In one of the first multilevel studies of school social capital and a health outcome, we find that both individual perceptions of and school contextual markers of school social capital are associated with lower BMIs; the associations vary by sex and by the specific marker of school social capital. In girls, attending schools with high levels of school connectedness and feeling connected oneself were associated with lower BMIs. In contrast, in boys, neither individual- nor school-level markers of school connectedness or parental involvement was associated with BMI. However, boys attending schools in which overall students felt well treated had lower BMIs on average than boys attending schools where students did not feel well treated.

Our findings are in concert with others demonstrating the positive effects of school connectedness.
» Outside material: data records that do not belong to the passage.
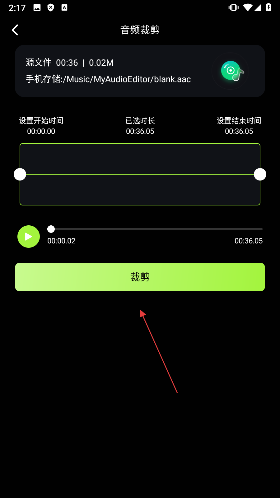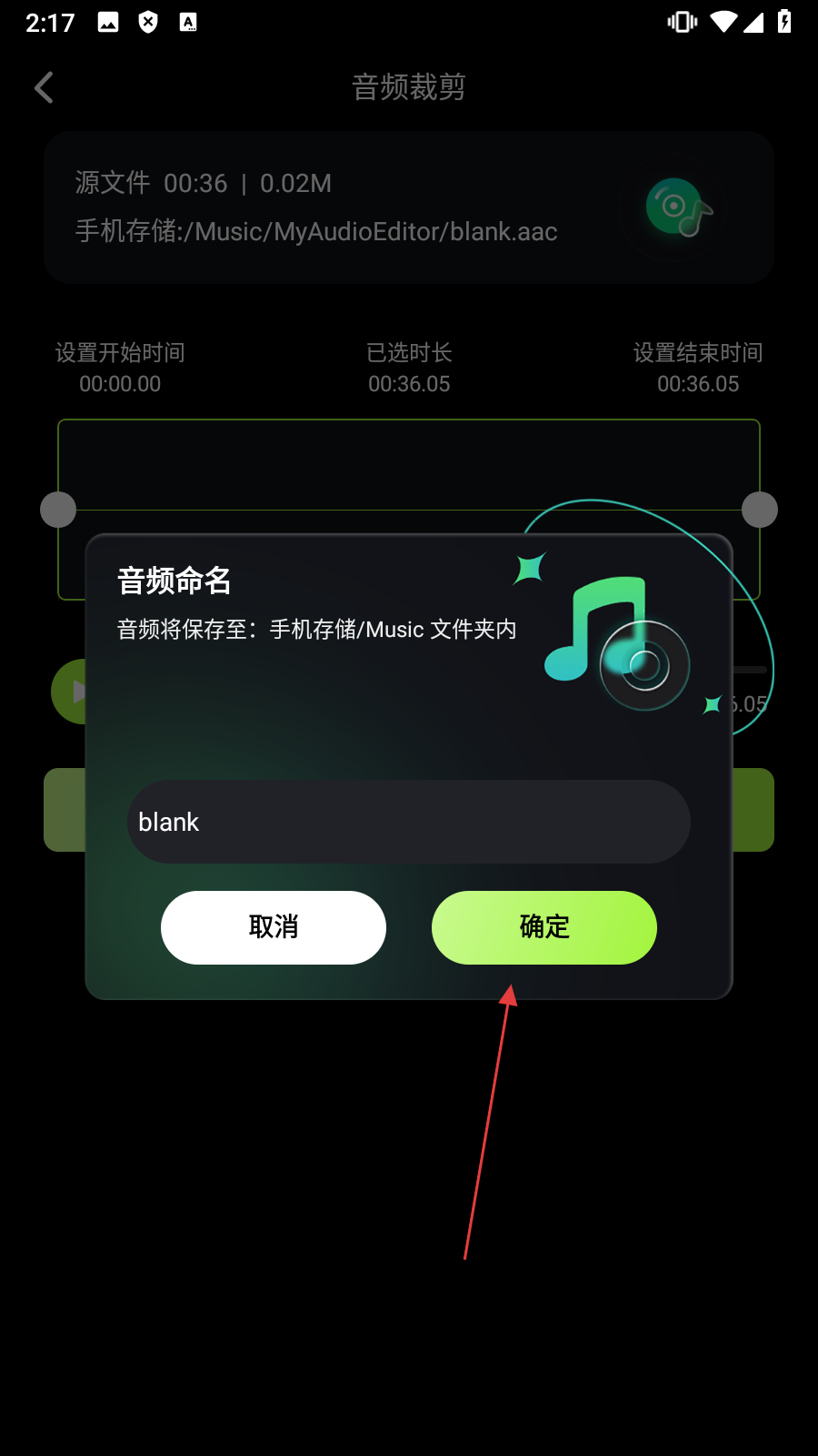4、在窗口中点击【确定】,即可完成音频裁剪操作。
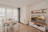 Ruhig gelegene Ferienwohnung in der Villa Maria-Gabriele im Seebad Kölpinsee, direkt an seinem namensgebenden See. Bis zum feindsandigen Ostseestrand sind es nur wenige Gehminuten, ebenso wie bis ins Zentrum wo sich eine Bäckerei, die Tourist- Information und der Bahnhof befinden. Die Villa Maria-Gabriele verfügt über mehrere Ferienwohnungen. Vor dem Haus befindet sich ein Parkplatz der kostenfrei genutzt werden kann. Pro Wohnung steht ein Parkplatz zur Verfügung. Bitte beachten Sie, dass der Parkplatz nicht für Transporter oder Kleinbusse geeignet ist. Eine abschließbare Fahrradunterstellmöglichkeit ist ebenfalls vorhanden. Die moderne 2-Raum-Ferienwohnung ist 44qm groß und befindet sich im 1. Obergeschoss des Hauses. Sie teilt sich auf in ein Wohnzimmer mit Essbereich, eine separate Küche, Schlafzimmer und Badezimmer. Vom Wohnzimmer erreichen Sie den möblierten Balkon.
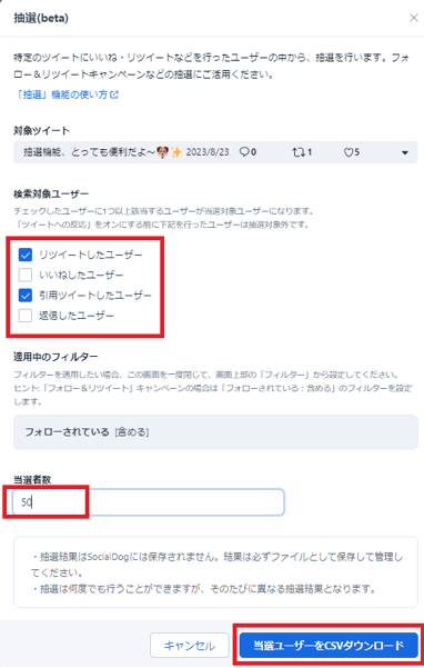 操作方法は、フォロー&リポスト(リツイート)キャンペーンを実施するをご確認ください。
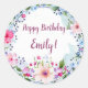 Happy Birthday Pretty PInk, Purple and Blue Floral Classic Round Sticker
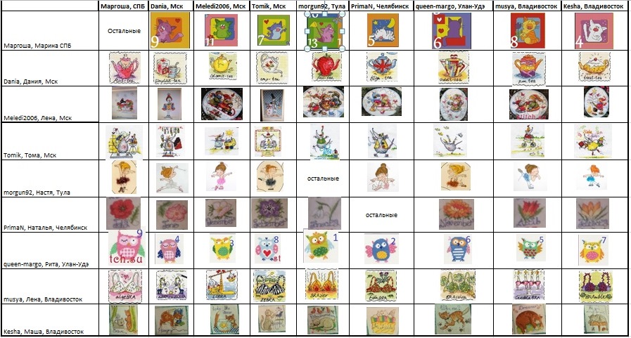 4 июня 2014 Девчонки, на днях составлю табличку для наших картиночек. Заранее хотелось бы уточнить, где чего сейчас находится и на каком этапе. 1) Маргоша, Марина, СПб - отшиваю лифчики Лены, на очереди котейки Маши 2) Dania, Дания, Москва - почти отшила котеек (ждем фото) 3) meledi2006, Лена, Москва - ? 4) Tomik, Тома, Москва - отшила снеговичков Лены (фото есть), отшивает чайники Дании 5) morgun92, Анастасия, Тула - ждет снеговичков Лены, ? 6) PrimaN, Наталья, Челябинск - ? 7) queen-margo, Рита, г. Улан-Удэ, р. Бурятия - отшила цветочки (ждем фото) Наташи 8) musya, Лена, Владивосток - отшивает совушек Риты 9) Kesha, Маша, Владивосток - ? Девчонки, отпишитесь, я совсем потерялась) Марина, я совушку отшила наполовину и затормозилась - завал на работе и усиленно помогаю Маше готовиться ко второму экзамену - у нее русский в пятницу. Соответственно Маша пока ничего не шьет. Но, надеюсь, после сдачи экзамена, мы все расслабимся и за выходные вышьем обеих совушек, и в понедельник, я их планирую отправить тебе. Поделиться сообщением Ссылка на сообщение

Studies in the education literature have long connected individual student perceptions of school connectedness to academic outcomes such as school attendance,34 higher grades,35 and dropping out.18 Resnick et al19 extended the examination of school connectedness to health outcomes in youth finding that school connectedness protected against frequent alcohol use, disordered eating, early sexual initiation, violence, and risk of unintentional injury. Our study advances the study of school connectedness in several key ways. First, in using principal components analysis, we are assured that the variables comprising our connectedness variable (which mirrored those used in Resnick’s study) were measuring the same construct. Second, we extended the study of school connectedness to one of the most pressing public health issues today, child and adolescent obesity. Finally, we assessed the influence not only of the individual student’s perception of their own school connectedness but also that of connectedness as a school-level attribute. This is an important contribution as it opens the possibility that interventions aimed at improving connectedness overall in the school may have positive “spillover” effects even in those who individually report low school connectedness.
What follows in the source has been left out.